I also liked it when you could post pictures and chat about your stove in this forum without having it moved or closed. Now you got to visit multiple forums to keep-up. It makes it harder to have a continuous conversation with everyone. I should think if it is woodstove related, chat, pictures, advice, etc. it would be in one place - but it ain't my forum - which is probably a good thing... ;)

Bill
 
xjcamaro said:
I have a Century Heating Whistler stove, 110,000 BTU. And everyone here talks about their EPA stoves, secondary tubes, cats, and all that. Just wondered if anyone else is running something like mine and what are your experiences.

Thanks!

I have a pre-EPA Blaze King King. It eats a lot of wood and makes some creosote, but really cranks out the heat. I can get a 16 hour burn pretty easily in the dead of winter. This time of year I can do 12 on 1/2 load if I keep the fans off.

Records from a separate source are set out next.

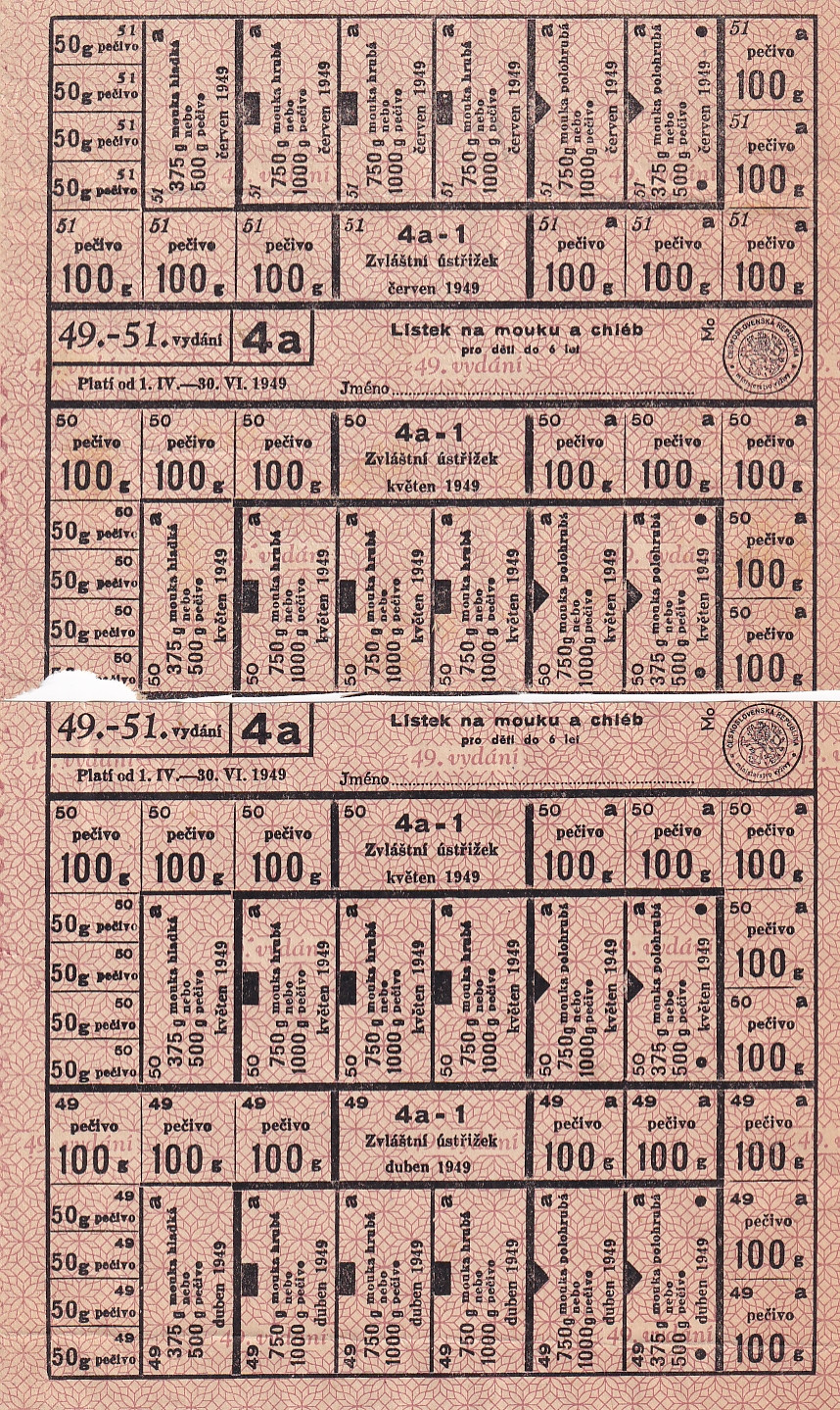Lístek na mouku a chléb pro děti do 6 let 49.-51./4a 1.IV.-30.VI. 1949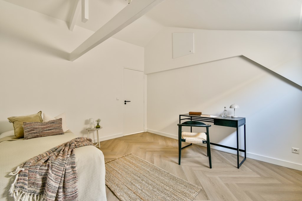 Upstairs, you’ll find three cozy, loft-style bedrooms filled with natural light and generous attic storage. One of the rooms can easily be transformed into a study, home gym, or additional guest room, whatever fits your lifestyle. There’s also a second contemporary bathroom with an attached toilet, featuring an elegant oval marble basin, a walk-in rain shower, and soothing finishes.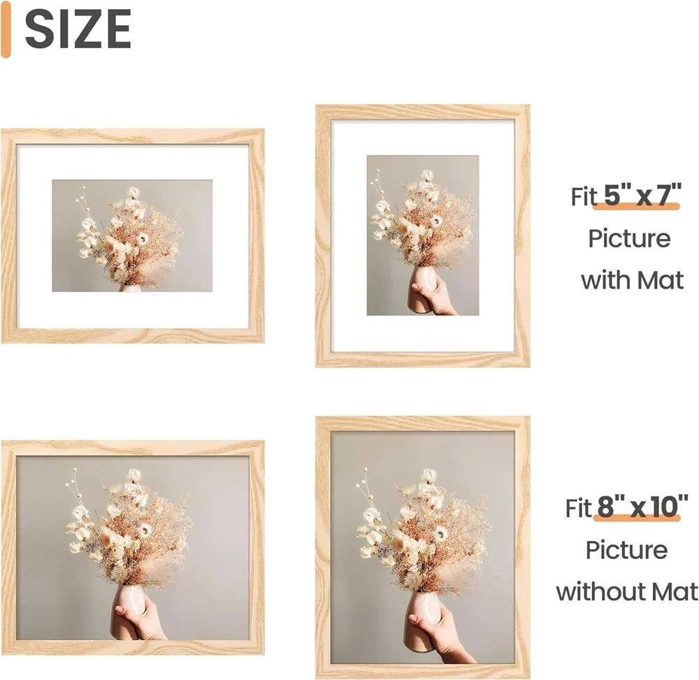 MULTIPLE FRAMES COLLAGE: Bulk of 5 pieces Picture Frames set in the same Sizes. Perfect for Pictures 5x7 with Mat or 8x10 Without Mat. The frame opening display size will be 0.5 in smaller than the photo to hold the photo in place SAFE MATERIAL: These frames are light but firm, have HD plastic cover. When they fall to the ground, you won't worry about hurting the kids EASY MOUNTING: Spring type action to remove the backing, can be hung horizontally or vertically GIFT& BE MERRY: Our 8x10 frame set not only the simple yet classic design for any home or office decor, but also a heartfelt gifts for everyone INTACT PARTS AND PACKING: The frames are wrapped very carefully to ensure safe shipping. You don't have to worry about receiving damaged products Product Description upsimples Picture Frames set of 5 made a simple and classic design for any home or office decor. 1 Small Size Description 2 Medium Size Description 3 Large Size Description Multiple Color Options and Combinations, Perfect and Ideal Gift. 1 White 2 Black 3 Gold 4 Brown 5 Natural Hanging Hook Hanging hook for displaying vertical or horizontal. HD Plastic Cover Lightweight and provide a clear display. Please peel the protective film on both sides before use. Sturdy Plastic Frame The picture frame is sturdy, durable and sleek. Spring Clip Spring clip for adding picture easily. Trace Family History Photo frames do more than just keep the beautiful moments. They are a gallery of a family's collective memory, each one telling its part of a larger story that is continually unfolding. Through them, families can keep a tangible record of their past and trace their history." More upsimples Picture Frames for Choice Add to Cart Add to Cart Add to Cart Add to Cart Add to Cart Add to Cart Add to Cart Customer Reviews 4.5 out of 5 stars 22,343 4.5 out of 5 stars 65,790 4.6 out of 5 stars 23,267 4.6 out of 5 stars 19,630 4.6 out of 5 stars 15,793 4.2 out of 5 stars 3,045 4.6 out of 5 stars 5,515 Price $5.39 $ 5 . 39 $17.99 $ 17 . 99 $23.99 $ 23 . 99 $22.99 $ 22 . 99 $29.99 $ 29 . 99 $27.99 $ 27 . 99 $23.99 $ 23 . 99 More Size Meet Choice 4x6 ~ 20x24 8x10 ~ 18x24 4x6 ~ 12x16 4x6 ~ 16x16 8x10 ~ 18x24 11x14 ~ 27x40 8.5x11 Cover Material Plastic Plastic HD Glass HD Glass Plastic Plastic HD Glass Frame Material Plastic Plastic Plastic Plastic Plastic Plastic Plastic Used For Photo, Poster, Print Photo, Poster, Print Photo, Picture, Print Photo, Picture, Print Poster, Print, Photo Poster, Print, Photo Certificate, Diploma, Photo Quantity 1 Pack 5 Pack 10 Pack 3 Pack 2 Pack 3 Pack 5 Pack

If I had to replace this one, I would definitely get an EPA stove but there's no ROI on it for me. Don't get me wrong, I'd love to have a newer stove, but this one serves me just fine.
 
Growing Pains guys. If it weren't for the seperation of some things, threads get completely lost as there would be 3 pages worth of new threads in one room per day. The "cream" stays at the top. Trying to keep more threads up in that range is the goal. Just happens with more and more members which is a good problem IMO!

pen
 
My stove burns through the wood fast too. But im lucky if i get a 2hr burn on a load, but maybe im not loading completely correct. I just know how to work my stove to get max heat out of it quickly. Because we only burn in the evenings and weekends so its quick and hot. But definately saves on oil.
 
xjcamaro said:
My stove burns through the wood fast too. But im lucky if i get a 2hr burn on a load, but maybe im not loading completely correct. I just know how to work my stove to get max heat out of it quickly. Because we only burn in the evenings and weekends so its quick and hot. But definately saves on oil.
I had a non-EPA stove until this season. Mine had controls on it, where yours does not. Do you have a thermometer on the stovetop? 2hrs seems like you might be hitting super high temps! If you do not have a damper over the stove, then I would get one and mess with closing it a little after you get your burn going. If you do have a damper, then maybe get another. It wouldn't be horribly strange to have two in a row on a stove with no adjustments!

Just don't choke it down too much, you still want to have decent stovetop temps to prevent creosote buildup!
 
I got both. A non epa sierra and an epa englander. I like both but my sierra honestly uses a lot more wood than my englander. Im not pushing either one its what ever you like but i would like to replace my wood eater with an epa just because it takes so much dang wood.
 
The stove gets its air through slots the go across the stove right above the door, and it air washes the door. I experimented last year with a bar that i could adjust how much of those slots were exposed to control air intake, but it didnt work out like i planned, maybe due to my damper situation at the time (read below).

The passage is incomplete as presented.